▸ Task prompt:
Repeat the records exactly. Every line must match.

Source data:
════════

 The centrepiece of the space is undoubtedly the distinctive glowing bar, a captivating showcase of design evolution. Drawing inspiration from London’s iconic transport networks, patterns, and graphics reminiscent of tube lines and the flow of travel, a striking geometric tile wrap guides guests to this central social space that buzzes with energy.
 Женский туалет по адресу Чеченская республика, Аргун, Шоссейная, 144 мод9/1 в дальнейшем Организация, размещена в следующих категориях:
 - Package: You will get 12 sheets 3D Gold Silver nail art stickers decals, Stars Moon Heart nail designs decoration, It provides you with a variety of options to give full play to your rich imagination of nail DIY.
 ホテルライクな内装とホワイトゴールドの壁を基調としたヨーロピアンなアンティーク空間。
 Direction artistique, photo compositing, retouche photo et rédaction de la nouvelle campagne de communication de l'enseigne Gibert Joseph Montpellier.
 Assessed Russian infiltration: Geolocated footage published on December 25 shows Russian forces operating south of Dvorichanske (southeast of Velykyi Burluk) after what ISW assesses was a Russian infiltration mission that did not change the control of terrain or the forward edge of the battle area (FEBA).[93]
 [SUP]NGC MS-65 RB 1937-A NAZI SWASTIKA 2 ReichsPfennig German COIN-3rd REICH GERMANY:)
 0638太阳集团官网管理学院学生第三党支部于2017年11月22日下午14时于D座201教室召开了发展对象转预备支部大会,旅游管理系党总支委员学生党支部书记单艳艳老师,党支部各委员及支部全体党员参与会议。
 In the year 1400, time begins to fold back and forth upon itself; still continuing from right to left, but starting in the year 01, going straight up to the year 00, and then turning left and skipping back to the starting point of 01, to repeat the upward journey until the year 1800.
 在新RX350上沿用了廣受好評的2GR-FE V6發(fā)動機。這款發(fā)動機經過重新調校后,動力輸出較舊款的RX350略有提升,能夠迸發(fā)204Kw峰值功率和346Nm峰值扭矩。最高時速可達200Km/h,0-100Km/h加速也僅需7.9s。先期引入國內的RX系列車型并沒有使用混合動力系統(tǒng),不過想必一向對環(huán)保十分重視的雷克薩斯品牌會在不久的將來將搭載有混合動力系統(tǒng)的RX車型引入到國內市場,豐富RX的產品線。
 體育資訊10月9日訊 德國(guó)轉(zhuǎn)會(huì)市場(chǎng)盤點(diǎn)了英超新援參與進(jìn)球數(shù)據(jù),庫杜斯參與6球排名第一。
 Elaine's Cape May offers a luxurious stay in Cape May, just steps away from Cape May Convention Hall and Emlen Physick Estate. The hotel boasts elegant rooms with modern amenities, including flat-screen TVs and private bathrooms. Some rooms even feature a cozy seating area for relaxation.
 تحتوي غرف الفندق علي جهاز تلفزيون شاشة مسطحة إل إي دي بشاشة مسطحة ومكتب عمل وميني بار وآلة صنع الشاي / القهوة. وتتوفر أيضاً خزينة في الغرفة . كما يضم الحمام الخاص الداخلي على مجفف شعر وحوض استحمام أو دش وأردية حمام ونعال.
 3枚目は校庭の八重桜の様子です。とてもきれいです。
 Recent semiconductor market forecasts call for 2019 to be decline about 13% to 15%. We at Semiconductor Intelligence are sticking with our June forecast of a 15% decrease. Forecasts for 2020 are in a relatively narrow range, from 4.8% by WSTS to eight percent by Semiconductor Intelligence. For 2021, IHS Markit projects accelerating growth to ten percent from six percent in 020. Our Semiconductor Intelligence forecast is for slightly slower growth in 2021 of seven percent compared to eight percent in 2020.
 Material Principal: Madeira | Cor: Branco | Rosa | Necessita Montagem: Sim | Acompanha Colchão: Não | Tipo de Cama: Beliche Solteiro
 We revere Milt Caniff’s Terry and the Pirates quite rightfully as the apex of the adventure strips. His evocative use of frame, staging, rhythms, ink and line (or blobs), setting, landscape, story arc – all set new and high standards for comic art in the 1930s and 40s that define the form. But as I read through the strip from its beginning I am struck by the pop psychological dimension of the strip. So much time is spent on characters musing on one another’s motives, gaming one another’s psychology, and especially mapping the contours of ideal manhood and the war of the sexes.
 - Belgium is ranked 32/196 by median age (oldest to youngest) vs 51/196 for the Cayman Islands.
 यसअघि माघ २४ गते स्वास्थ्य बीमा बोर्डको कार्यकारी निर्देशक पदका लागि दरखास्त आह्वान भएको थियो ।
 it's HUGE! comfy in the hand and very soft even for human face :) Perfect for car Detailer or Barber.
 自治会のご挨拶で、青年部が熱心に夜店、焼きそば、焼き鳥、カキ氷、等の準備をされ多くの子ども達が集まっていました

════════

▸ Exercise output:
 The centrepiece of the space is undoubtedly the distinctive glowing bar, a captivating showcase of design evolution. Drawing inspiration from London’s iconic transport networks, patterns, and graphics reminiscent of tube lines and the flow of travel, a striking geometric tile wrap guides guests to this central social space that buzzes with energy.
 Женский туалет по адресу Чеченская республика, Аргун, Шоссейная, 144 мод9/1 в дальнейшем Организация, размещена в следующих категориях:
 - Package: You will get 12 sheets 3D Gold Silver nail art stickers decals, Stars Moon Heart nail designs decoration, It provides you with a variety of options to give full play to your rich imagination of nail DIY.
 ホテルライクな内装とホワイトゴールドの壁を基調としたヨーロピアンなアンティーク空間。
 Direction artistique, photo compositing, retouche photo et rédaction de la nouvelle campagne de communication de l'enseigne Gibert Joseph Montpellier.
 Assessed Russian infiltration: Geolocated footage published on December 25 shows Russian forces operating south of Dvorichanske (southeast of Velykyi Burluk) after what ISW assesses was a Russian infiltration mission that did not change the control of terrain or the forward edge of the battle area (FEBA).[93]
 [SUP]NGC MS-65 RB 1937-A NAZI SWASTIKA 2 ReichsPfennig German COIN-3rd REICH GERMANY:)
 0638太阳集团官网管理学院学生第三党支部于2017年11月22日下午14时于D座201教室召开了发展对象转预备支部大会,旅游管理系党总支委员学生党支部书记单艳艳老师,党支部各委员及支部全体党员参与会议。
 In the year 1400, time begins to fold back and forth upon itself; still continuing from right to left, but starting in the year 01, going straight up to the year 00, and then turning left and skipping back to the starting point of 01, to repeat the upward journey until the year 1800.
 在新RX350上沿用了廣受好評的2GR-FE V6發(fā)動機。這款發(fā)動機經過重新調校后,動力輸出較舊款的RX350略有提升,能夠迸發(fā)204Kw峰值功率和346Nm峰值扭矩。最高時速可達200Km/h,0-100Km/h加速也僅需7.9s。先期引入國內的RX系列車型并沒有使用混合動力系統(tǒng),不過想必一向對環(huán)保十分重視的雷克薩斯品牌會在不久的將來將搭載有混合動力系統(tǒng)的RX車型引入到國內市場,豐富RX的產品線。
 體育資訊10月9日訊 德國(guó)轉(zhuǎn)會(huì)市場(chǎng)盤點(diǎn)了英超新援參與進(jìn)球數(shù)據(jù),庫杜斯參與6球排名第一。
 Elaine's Cape May offers a luxurious stay in Cape May, just steps away from Cape May Convention Hall and Emlen Physick Estate. The hotel boasts elegant rooms with modern amenities, including flat-screen TVs and private bathrooms. Some rooms even feature a cozy seating area for relaxation.
 تحتوي غرف الفندق علي جهاز تلفزيون شاشة مسطحة إل إي دي بشاشة مسطحة ومكتب عمل وميني بار وآلة صنع الشاي / القهوة. وتتوفر أيضاً خزينة في الغرفة . كما يضم الحمام الخاص الداخلي على مجفف شعر وحوض استحمام أو دش وأردية حمام ونعال.
 3枚目は校庭の八重桜の様子です。とてもきれいです。
 Recent semiconductor market forecasts call for 2019 to be decline about 13% to 15%. We at Semiconductor Intelligence are sticking with our June forecast of a 15% decrease. Forecasts for 2020 are in a relatively narrow range, from 4.8% by WSTS to eight percent by Semiconductor Intelligence. For 2021, IHS Markit projects accelerating growth to ten percent from six percent in 020. Our Semiconductor Intelligence forecast is for slightly slower growth in 2021 of seven percent compared to eight percent in 2020.
 Material Principal: Madeira | Cor: Branco | Rosa | Necessita Montagem: Sim | Acompanha Colchão: Não | Tipo de Cama: Beliche Solteiro
 We revere Milt Caniff’s Terry and the Pirates quite rightfully as the apex of the adventure strips. His evocative use of frame, staging, rhythms, ink and line (or blobs), setting, landscape, story arc – all set new and high standards for comic art in the 1930s and 40s that define the form. But as I read through the strip from its beginning I am struck by the pop psychological dimension of the strip. So much time is spent on characters musing on one another’s motives, gaming one another’s psychology, and especially mapping the contours of ideal manhood and the war of the sexes.
 - Belgium is ranked 32/196 by median age (oldest to youngest) vs 51/196 for the Cayman Islands.
 यसअघि माघ २४ गते स्वास्थ्य बीमा बोर्डको कार्यकारी निर्देशक पदका लागि दरखास्त आह्वान भएको थियो ।
 it's HUGE! comfy in the hand and very soft even for human face :) Perfect for car Detailer or Barber.
 自治会のご挨拶で、青年部が熱心に夜店、焼きそば、焼き鳥、カキ氷、等の準備をされ多くの子ども達が集まっていました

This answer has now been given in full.